Abdominal radiographs are generally the first preferred method for GI diseases due to their affordability, widespread availability, rapid application and interpretation (especially with digital radiographs), and ability to comprehensively show intestinal gas distribution. Radiography is superior to ultrasound, particularly for diagnosing GI obstructions.26 Typical imaging findings are observed in diseases such as NEC and duodenal atresia, which are seen in the neonatal and infant periods. Additionally, in patients with acute severe clinical symptoms where bowel perforation (rupture) is suspected, radiographs can reveal free air in the abdominal cavity. However, the sensitivity of abdominal radiographs in children with abdominal pain is relatively low, with the rate of pathological findings reported between 2% and 20%.26 Abdominal radiographs in newborns and young children are usually taken while the patient is lying down. In older children, an upright abdominal radiograph may better display air-fluid levels and bowel loop distention, especially in conditions where peristalsis is impaired. In some cases, lateral decubitus radiographs are taken by positioning the patient on their side to show air-fluid levels, free fluid, or free air in the abdomen.

The following studies stood out when reviewing previous deep-learning research in the literature on diagnosing GI diseases using abdominal radiographs. In the study by Kwon et al.21, 11,384 abdominal radiographs (1,449 with intussusception and 9,935 without) were retrieved from three hospitals to detect intussusception. Diagnosing intussusception from abdominal radiographs is challenging and requires expertise. Therefore, the diagnosis is typically made by ultrasound. The interobserver agreement among radiologists with limited experience in abdominal radiographs is less than 50%.27 In the study by Kwon et al.21, for binary classification, the CNN model used was ResNet. The average sensitivity achieved was 81.6%, with a specificity of 92.5%. The highest accuracy reported was 76%, the lowest was 73%, and the average was 74%. In our study, an analysis of the SD cases classified as false negatives revealed that two of the four cases were complicated appendicitis, one was bowel obstruction (ileus due to postoperative adhesions), and one was Hirschsprung’s disease. Notably, no misclassification was detected in intussusception cases. Additionally, an accuracy rate of 93.3% was achieved with the ResNet50 model in our study, making it the model with the highest accuracy on raw data.

In another study on small bowel obstruction, a total of 3,663 upright abdominal radiographs (2,210 for training and 1,453 for testing) were used, with 74 showing signs of obstruction.19 In this study, the pre-trained InceptionV3 CNN model was fine-tuned using the transfer learning method, trained with their dataset, and then tested. The AUC was calculated as 0.84, the sensitivity as 83.8%, and the specificity as 68.1%.

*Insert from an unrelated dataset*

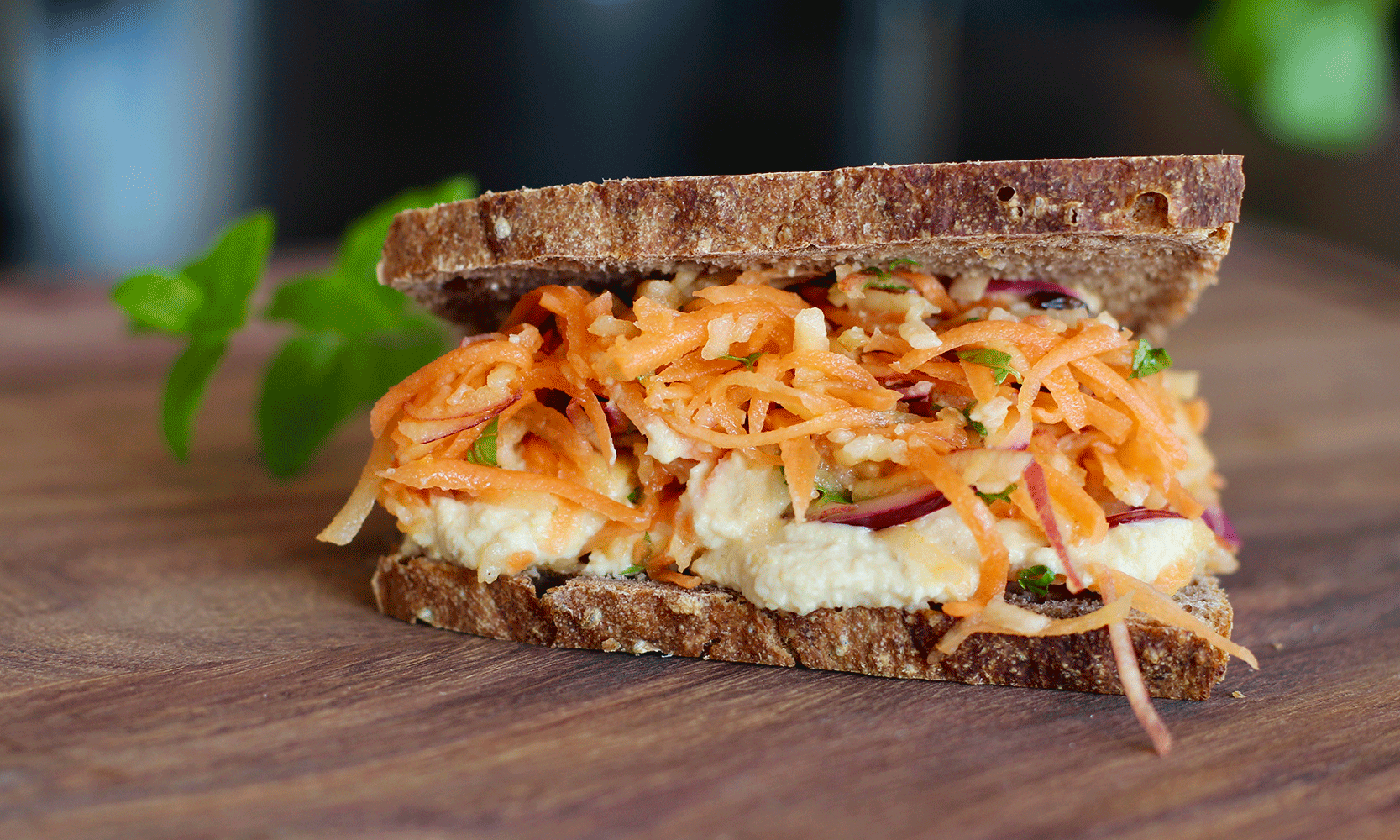 Legg hummus og grønnsakene mellom to skiver brød og servér. Noen ganger serverer jeg det på lefser/wraps. Det er også veldig godt 😉

In a subsequent study conducted by the same team, a new dataset consisting of 5,558 radiographs was created using images obtained from their hospital and a second hospital.20 The average age of the patients in this dataset was 59.1 and 59.9 years, which differed significantly from the causes of obstruction in our patient group. Again, using InceptionV3, the researchers trained and tested the model with the second dataset.

For comparison, 1,453 test images were independently evaluated by three radiologists. The sensitivity of the radiologists ranged from 28.5% to 65.5% (average 44%), whereas the CNN model achieved 82.9%. The specificity of the radiologists ranged from 96.4% to 99.6% (average 98.4%), whereas the CNN model achieved 92.5%. The radiologists’ positive predictive value (PPV) ranged from 43% to 78% (average 62%), whereas the CNN model’s PPV was 28%. The low PPV in the CNN model was due to a high number of false positives.

Upon examining these false positives, it was found that while the intestinal segments were within physiological limits and considered normal clinically and radiologically, the CNN model identified them as positive. Increasing the number of similar images in the training set could potentially improve the model’s performance and address this issue.

In another UK-based study on the same subject, a dataset of abdominal radiographs (445 normal and 445 with GI obstructions) from 990 adult patients was classified using transfer learning and ensemble modeling with five pre-trained CNN models: VGG16, DenseNet121, NasNetLarge, InceptionV3, and Xception.4 Of the dataset, 800 images were used for training, 80 for validation, and 110 for testing. Among the 110 test images, there were 5 false negatives and 4 false positives. Among the models, DenseNet121 was trained using CheXNet, which consisted of chest radiograph images, whereas the other models were trained with ImageNet. The validation loss rate of the DenseNet121 model was significantly lower than that of the other models, at 43%. In previous studies where CNN models were applied to abdominal radiographs, the highest accuracy rate achieved was 92%. Although similar or slightly better performance metrics were achieved in our study, ours is the first to reach these levels in a pediatric patient group. Additionally, upon examining the image samples from the aforementioned study, it is evident that the images were standardized in size and cropped to include only the abdomen. In our study, automatic cropping was applied, but the cropping process only sometimes achieved the desired level in every dataset. This may have caused a decrease in performance metrics. The performance metrics of our study and the aforementioned studies are presented in the Supplementary Table 1.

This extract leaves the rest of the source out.